There's another dangerous thing about chicken. One or both drivers might intend to veer off, but they know they don't have to until the last second. They might accelerate, to step up the pressure, as the cars approach each other; miscalculations""of time, distance, and intentions""could ensue; a collision could happen by accident.



Accidents can be triggered through a variety of ways. With saber-rattling expected to reach fever pitch in the coming days and weeks, nerves will be frayed close to the war zone. A tensed commander from a US or Iranian vessel might fire a torpedo or missile at an adversarial vessel floating too close for comfort. Something could be accidentally fired across from the Iraqi border.

Or Al Qaeda might help along by dispatching its camel brigade, decked in Iranian uniform to add some color to the morbid drama.

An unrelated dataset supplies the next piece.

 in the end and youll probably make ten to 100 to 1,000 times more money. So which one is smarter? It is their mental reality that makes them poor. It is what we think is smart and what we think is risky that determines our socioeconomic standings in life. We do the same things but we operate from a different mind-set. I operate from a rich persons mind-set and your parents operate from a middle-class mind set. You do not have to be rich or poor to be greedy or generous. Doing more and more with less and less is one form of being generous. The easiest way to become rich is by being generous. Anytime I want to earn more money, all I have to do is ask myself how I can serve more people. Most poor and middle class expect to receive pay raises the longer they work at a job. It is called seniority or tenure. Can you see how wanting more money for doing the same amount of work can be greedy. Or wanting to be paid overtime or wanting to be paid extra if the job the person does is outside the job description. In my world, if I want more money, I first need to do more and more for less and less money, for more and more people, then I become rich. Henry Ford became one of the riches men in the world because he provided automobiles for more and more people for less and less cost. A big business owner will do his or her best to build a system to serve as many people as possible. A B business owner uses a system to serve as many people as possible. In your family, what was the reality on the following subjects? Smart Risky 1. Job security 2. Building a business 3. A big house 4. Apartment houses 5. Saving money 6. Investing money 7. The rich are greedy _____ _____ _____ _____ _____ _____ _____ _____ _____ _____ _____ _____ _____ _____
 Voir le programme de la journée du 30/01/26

Call that Osama bin Laden's idea of a costume party, replete with bangs, pow-wows and fireworks. It will be a strictly all-male stag affair, with neither Shi'ites nor infidels nor anyone not circumcised with a box-cutter on an airplane allowed in. Outsiders would be restricted to the belly dancers platform, where they can swish daggers in sync with lethal gyrations. This is already happening in Iraq and Afghanistan.

And this may be an excellent variant to the game of chicken by borrowing elements from bull-fighting. Here, the turbaned matador can kill two bulls at one go by waving a red flag at horns charging from opposite ends, exiting in time for the fatal lock.

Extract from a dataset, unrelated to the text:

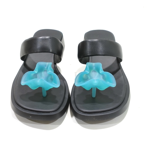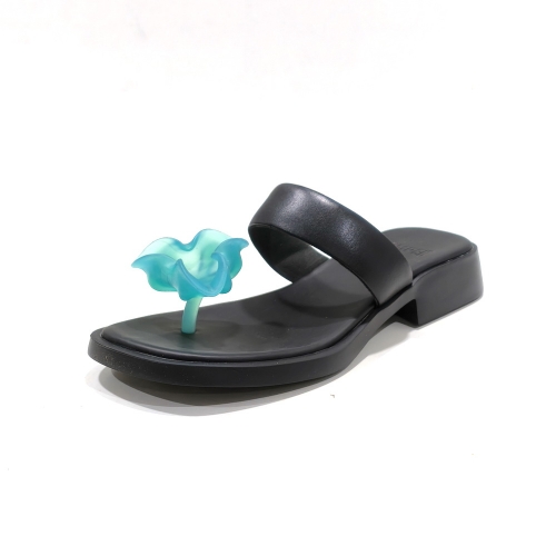 Sandalia de dedo, fabricada en piel, con suela de goma con tacón de 2 cm
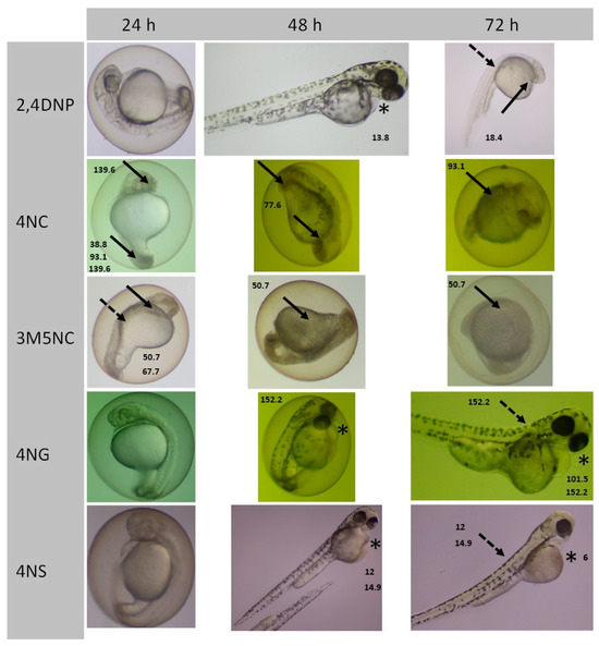 Representative morphological abnormalities observed in Zebrafish (Danio rerio) embryos following exposure to selected sublethal concentrations of 2,4DNP, 4NC, 3M5NC, 4NG, 4NS (indicated in mg/L). Noted deformations include cardiac edema (asterisk), spinal curvature (dashed arrow), and necrosis of head and tail (solid arrow).

There can be escalated attacks against US forces in Afghanistan, where some unfortunate soldier could be unwittingly invited into a Talibanized version of buzkashi - the Afghan traditional game where "goat dragging" beats out polo. Genghiz Khan and those Somalian warlords would be put to shame. If such horrors are televised, it can be blamed on Iran, the same way 9/11 was magically pinned on Saddam Hussein. Or some lunatic, dreaming of Saddam's good ole days, may carry out a spectacular terrorist attack on a major US base in Iraq. It can also be blamed on Iran. Haven't you heard of elite Revolutionary Guards performing pirouettes in camouflaged tutus and bal masques in Najaf and Basra? It doesn't take much for ballet to go ballistic; both derive from the word ballo, the former from Italian (ball) and the latter from Greek (throw).

Told you didn't I that games and wars didn't differ in essence. And dances too, and I checked that connection at Oxford's Concise Ninth Edition on a hunch. There was an old classic case where a fight over a chicken led to a vendetta, and a duel over the honor and reputation of a lady at a promenade. And then it went back to vendetta and chickens. Don't believe me? Read Alexander Dumas' The Corsican Brothers!

One could fight for the less noble oil and nukes as well; ugly items more inviting for the golden pheasants of the Gulf Arab states. Many of them are itching for this geopolitical co*k-fight as the Persian rooster still struts like a proverbial peacock.

What they couldn't achieve through Saddam's genocidal war against the Iranians - with chemical weapons no less - could be wrought through the Americans, even after their societies supplied most of the 9/11 hijackers. They prefer an Iran destroyed more than Israel, as the latter unites the Arab world like nothing ever did or does.